Extracted records:
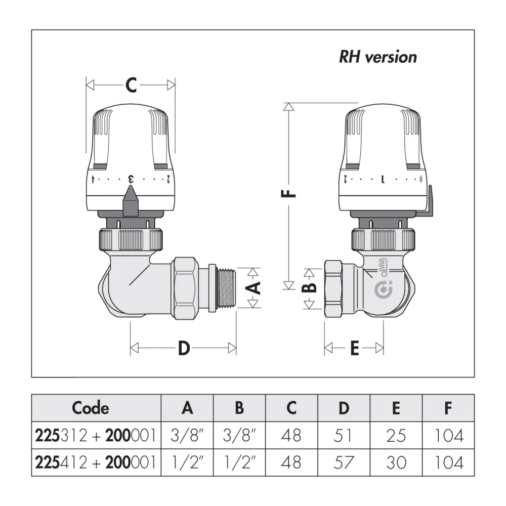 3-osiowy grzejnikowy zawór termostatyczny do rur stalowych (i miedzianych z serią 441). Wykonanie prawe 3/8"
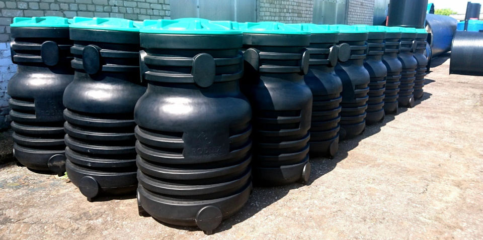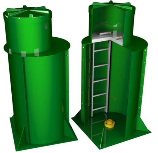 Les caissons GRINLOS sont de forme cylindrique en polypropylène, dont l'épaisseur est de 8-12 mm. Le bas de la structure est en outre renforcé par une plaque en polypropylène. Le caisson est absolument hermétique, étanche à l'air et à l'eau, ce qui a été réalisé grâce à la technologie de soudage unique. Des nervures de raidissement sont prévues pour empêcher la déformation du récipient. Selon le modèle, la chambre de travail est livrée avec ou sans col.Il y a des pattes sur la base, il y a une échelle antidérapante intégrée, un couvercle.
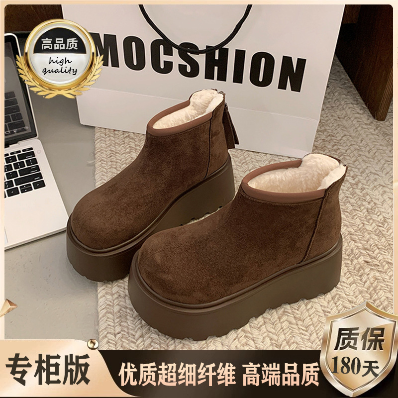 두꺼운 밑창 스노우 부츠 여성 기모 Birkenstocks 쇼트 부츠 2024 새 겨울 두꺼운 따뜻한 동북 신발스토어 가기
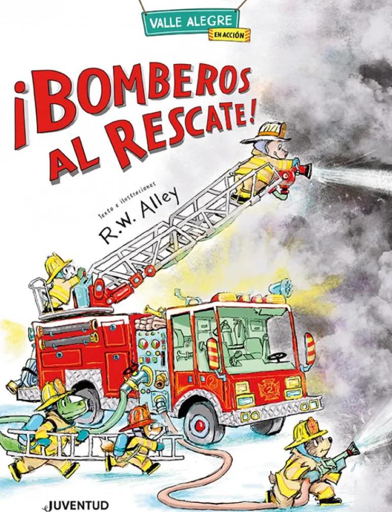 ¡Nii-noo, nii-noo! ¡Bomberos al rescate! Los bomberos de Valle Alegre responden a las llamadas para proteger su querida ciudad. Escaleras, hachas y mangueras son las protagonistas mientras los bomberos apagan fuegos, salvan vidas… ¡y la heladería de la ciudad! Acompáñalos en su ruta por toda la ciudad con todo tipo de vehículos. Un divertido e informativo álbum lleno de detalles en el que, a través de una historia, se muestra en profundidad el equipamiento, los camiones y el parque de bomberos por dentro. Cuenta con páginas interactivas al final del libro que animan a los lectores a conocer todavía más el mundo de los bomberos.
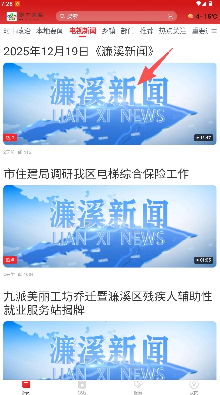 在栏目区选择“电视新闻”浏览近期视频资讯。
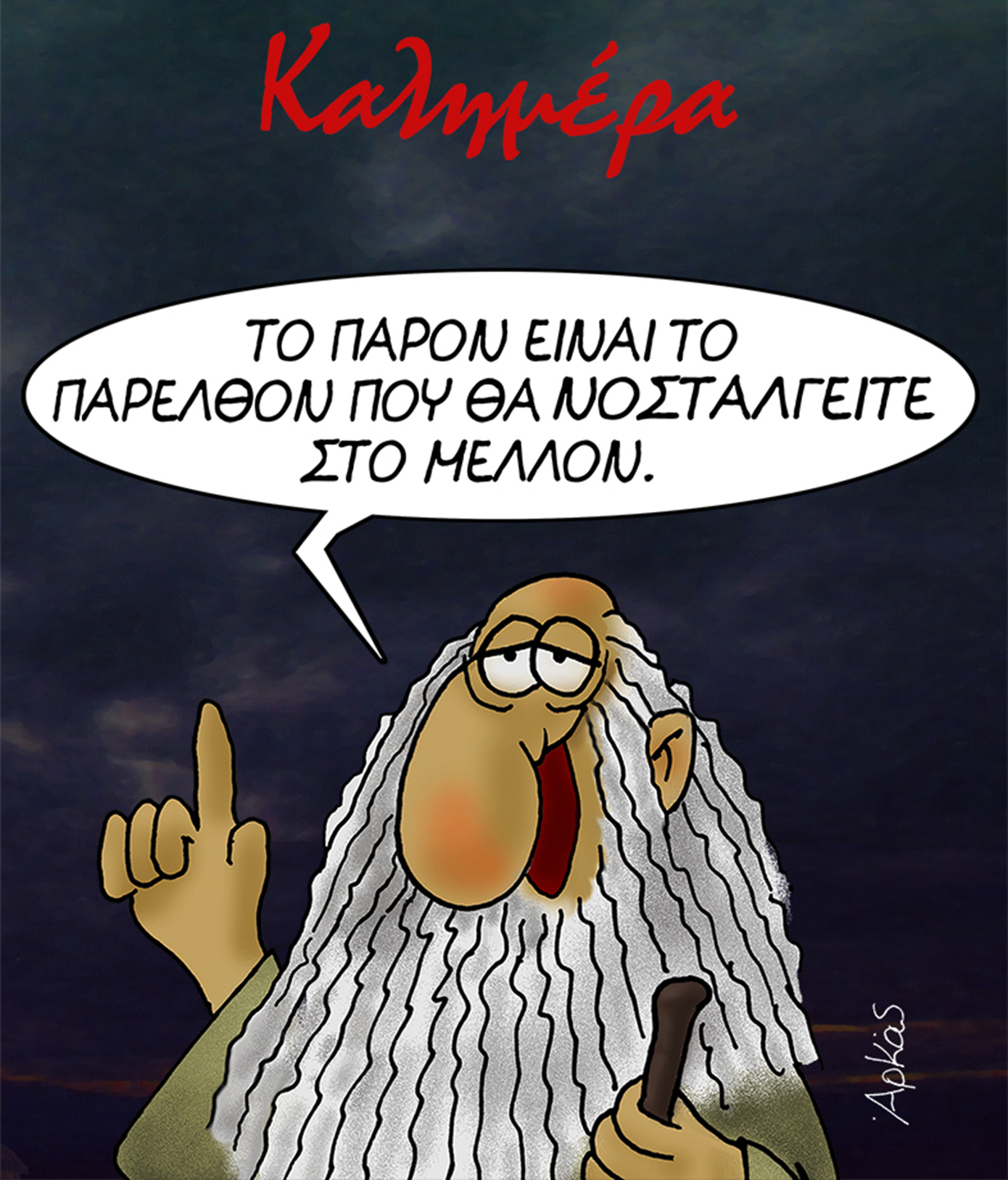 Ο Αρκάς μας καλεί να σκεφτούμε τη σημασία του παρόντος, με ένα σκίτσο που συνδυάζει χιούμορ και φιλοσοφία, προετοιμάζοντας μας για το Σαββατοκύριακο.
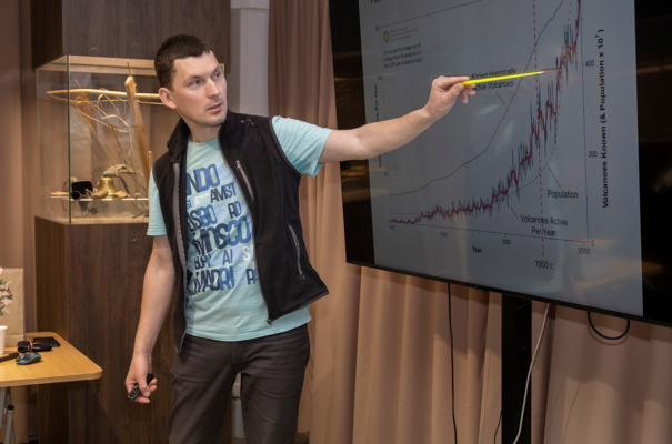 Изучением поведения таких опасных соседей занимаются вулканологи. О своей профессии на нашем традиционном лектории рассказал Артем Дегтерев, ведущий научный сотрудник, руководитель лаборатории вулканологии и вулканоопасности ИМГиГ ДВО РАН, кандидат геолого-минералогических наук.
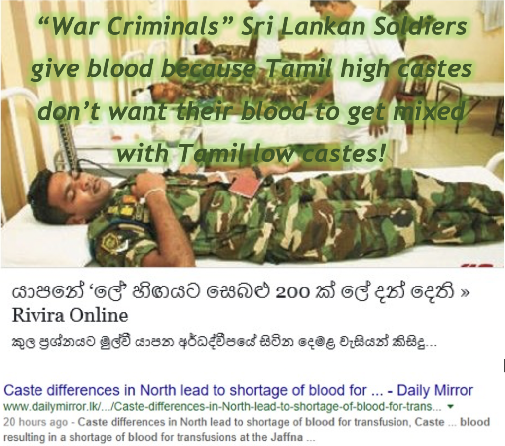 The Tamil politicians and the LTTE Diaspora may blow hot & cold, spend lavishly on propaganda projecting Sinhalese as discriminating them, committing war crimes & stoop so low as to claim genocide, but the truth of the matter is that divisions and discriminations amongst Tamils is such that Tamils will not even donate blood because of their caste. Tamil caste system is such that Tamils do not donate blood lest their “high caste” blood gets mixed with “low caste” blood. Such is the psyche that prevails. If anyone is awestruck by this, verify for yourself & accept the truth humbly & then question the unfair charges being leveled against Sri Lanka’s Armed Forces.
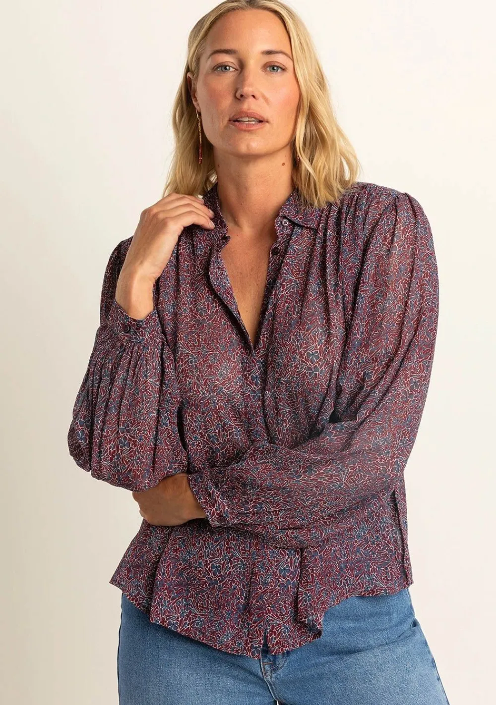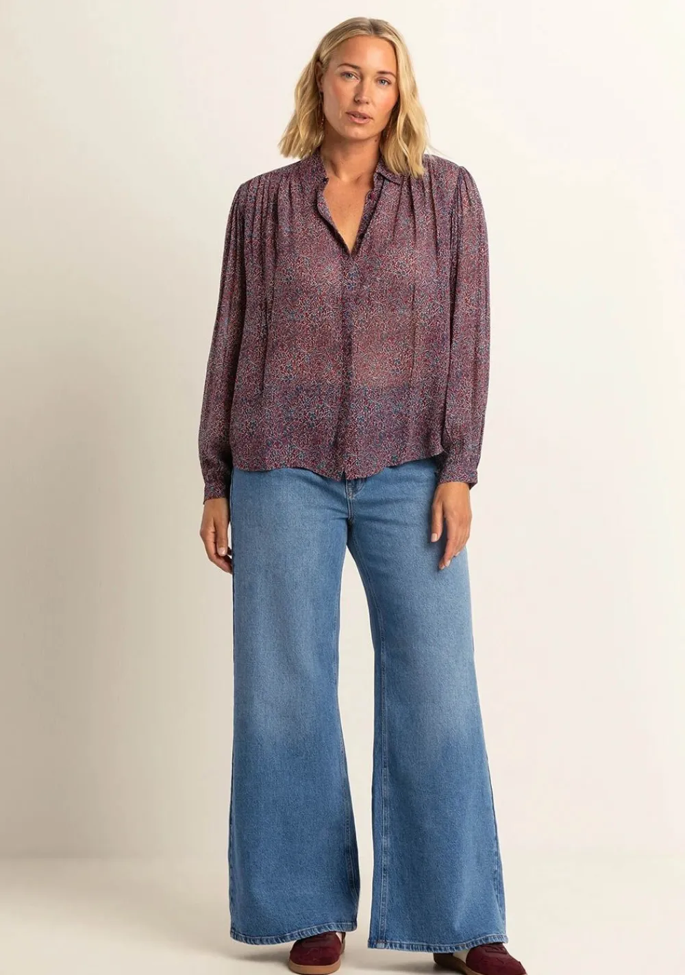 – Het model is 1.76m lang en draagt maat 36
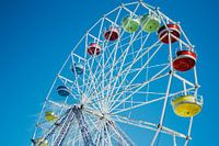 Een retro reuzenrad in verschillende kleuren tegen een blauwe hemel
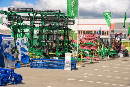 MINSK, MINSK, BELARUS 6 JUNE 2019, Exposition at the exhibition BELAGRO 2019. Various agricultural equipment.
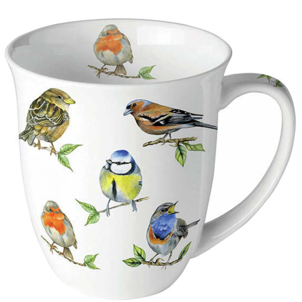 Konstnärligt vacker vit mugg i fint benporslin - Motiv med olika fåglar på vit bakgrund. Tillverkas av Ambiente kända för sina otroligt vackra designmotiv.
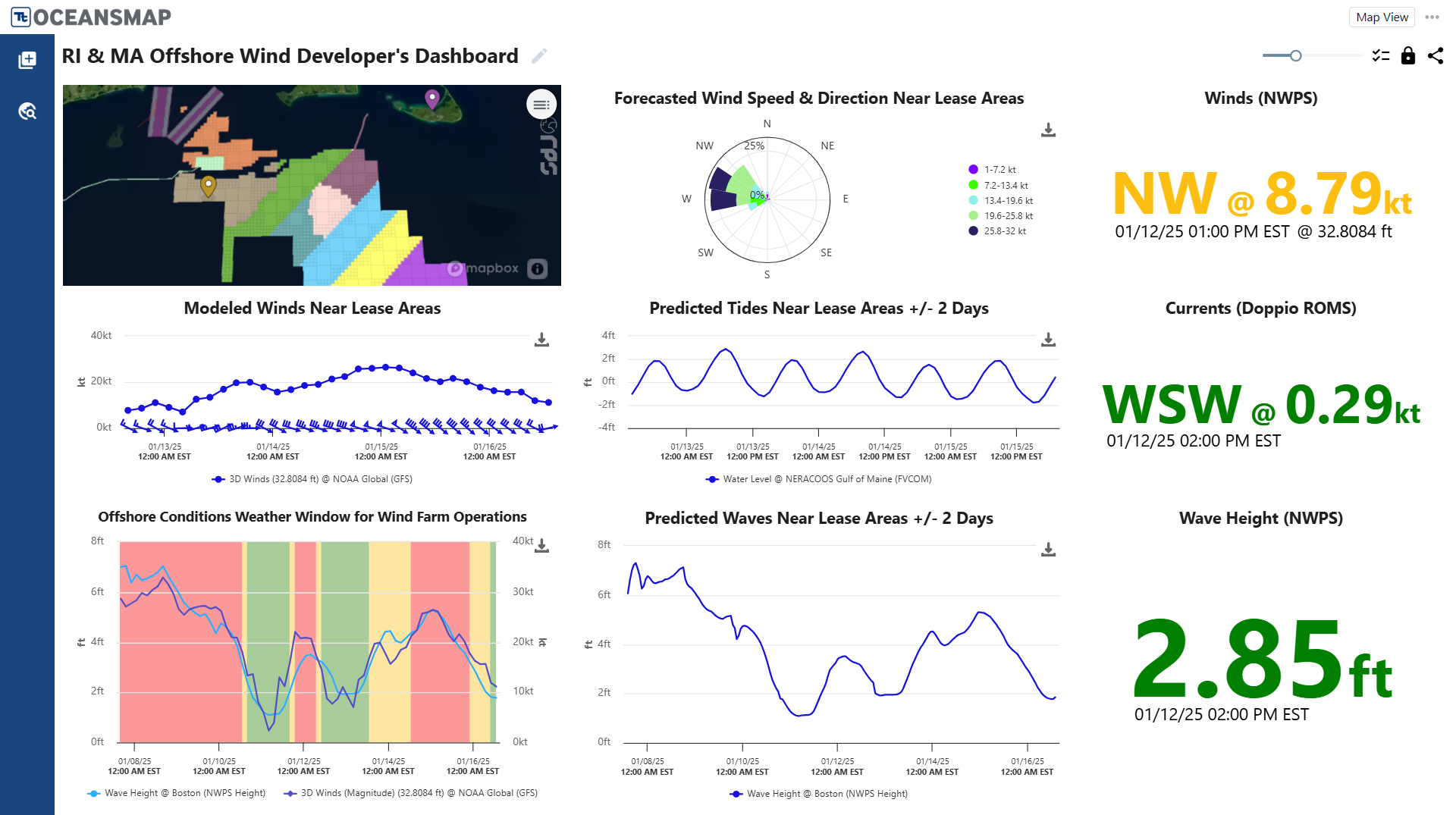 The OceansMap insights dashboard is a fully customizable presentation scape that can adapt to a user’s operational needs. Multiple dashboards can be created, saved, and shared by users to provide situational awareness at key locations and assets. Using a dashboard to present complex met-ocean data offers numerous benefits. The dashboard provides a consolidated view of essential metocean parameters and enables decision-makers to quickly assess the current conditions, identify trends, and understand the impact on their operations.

#### [WORK TO COMPLETE]
Set down word for word the lines above from the one with "Ο Αρκάς μας" up to and including the one with "Konstnärligt vacker vit". Omit every picture.

#### [WRITTEN SOLUTION]
 Ο Αρκάς μας καλεί να σκεφτούμε τη σημασία του παρόντος, με ένα σκίτσο που συνδυάζει χιούμορ και φιλοσοφία, προετοιμάζοντας μας για το Σαββατοκύριακο.
 Изучением поведения таких опасных соседей занимаются вулканологи. О своей профессии на нашем традиционном лектории рассказал Артем Дегтерев, ведущий научный сотрудник, руководитель лаборатории вулканологии и вулканоопасности ИМГиГ ДВО РАН, кандидат геолого-минералогических наук.
 The Tamil politicians and the LTTE Diaspora may blow hot & cold, spend lavishly on propaganda projecting Sinhalese as discriminating them, committing war crimes & stoop so low as to claim genocide, but the truth of the matter is that divisions and discriminations amongst Tamils is such that Tamils will not even donate blood because of their caste. Tamil caste system is such that Tamils do not donate blood lest their “high caste” blood gets mixed with “low caste” blood. Such is the psyche that prevails. If anyone is awestruck by this, verify for yourself & accept the truth humbly & then question the unfair charges being leveled against Sri Lanka’s Armed Forces.
 – Het model is 1.76m lang en draagt maat 36
 Een retro reuzenrad in verschillende kleuren tegen een blauwe hemel
 MINSK, MINSK, BELARUS 6 JUNE 2019, Exposition at the exhibition BELAGRO 2019. Various agricultural equipment.
 Konstnärligt vacker vit mugg i fint benporslin - Motiv med olika fåglar på vit bakgrund. Tillverkas av Ambiente kända för sina otroligt vackra designmotiv.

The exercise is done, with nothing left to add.